Failure to settle compensatory damages claim for policy limit, despite carve-out for punitive damages claim, amounts to bad-faith under totality of the circumstances standard.

Safeco Ins. Co. of Illinois, Appellant v. Rebecca L. Heikka, Appellee, Fla. 4th DCA, Nos. 4D2022-2969 and 4D2023-1916, Nov. 6, 2024; Consolidated Appeals from Circuit Court for 17th Judicial Cir., Broward Co., Judge C.A. Rodriguez, Case No. CACE 07-008440

December 1, 2024

by Seth B. Altman

In the first phase of these consolidated appeals, Safeco appealed the final judgment following a directed verdict in Heikka’s favor in her bad-faith claim against Safeco. 

Heikka had been a passenger on a motorcycle that was rear-ended by Safeco’s insured, who was later convicted for driving under the influence of alcohol and leaving the scene of an accident. Heikka suffered severe injuries. 
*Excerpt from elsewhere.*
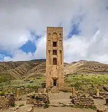 Hammadid emirs constructed five palaces, most of which are now destroyed. The keep of the Palace of the Fanal (Qasr al-Manar) does survive.[11] The upper palace consists of three buildings arranged around an irregularly shaped forecourt: a private apartment, a domed hall and an entrance wing.[12]

Safeco’s insured had a policy with a $25,000 limit for bodily injury. Prior to Heikka filing a lawsuit, her attorney and Safeco’s adjuster had been in communication regarding tender of the policy limit and a settlement release. The adjuster sent a release of all claims and a check for $25,000 to plaintiff’s counsel. However, plaintiff’s counsel wanted the release to make an exception for punitive damages or claims against anyone else; therefore, Heikka could not accept the release by Safeco without the requested carve-outs/exceptions as the insured’s policy did not cover punitive damages, and any uninsured or underinsured motorist claim would have been brought against Heikka’s own insurer and not against Safeco. Heikka’s attorney returned the release with the requested revisions. According to Heikka’s attorney, Safeco agreed to his changes. Safeco denied ever receiving the release. 

Heikka’s attorney cashed the check and later filed suit against Safeco for compensatory damages as a predicate to amending to seek punitive damages. Safeco retained counsel for the insured, who advised the insured of his exposure and options. Safeco, believing Heikka agreed to the original release, moved to enforce settlement. In turn, Heikka’s attorney demanded his version of the release—which excluded punitive damages and any other parties—be honored per the prior agreement. He also warned, if his amended release was not accepted, a bad-faith suit would be filed. 

Safeco sought to enforce its release in a declaratory action. The court found no settlement as there was no meeting of the minds, and Heikka was allowed to proceed on both compensatory and punitive damages. 

At trial, the jury returned a verdict of $1,169,292.83 in compensatory damages but did not award punitive damages. Heikka then moved to amend her complaint to add statutory and common law bad-faith claims. 

A trial on the bad-faith claim then ensued, and a directed verdict was entered in favor of Heikka.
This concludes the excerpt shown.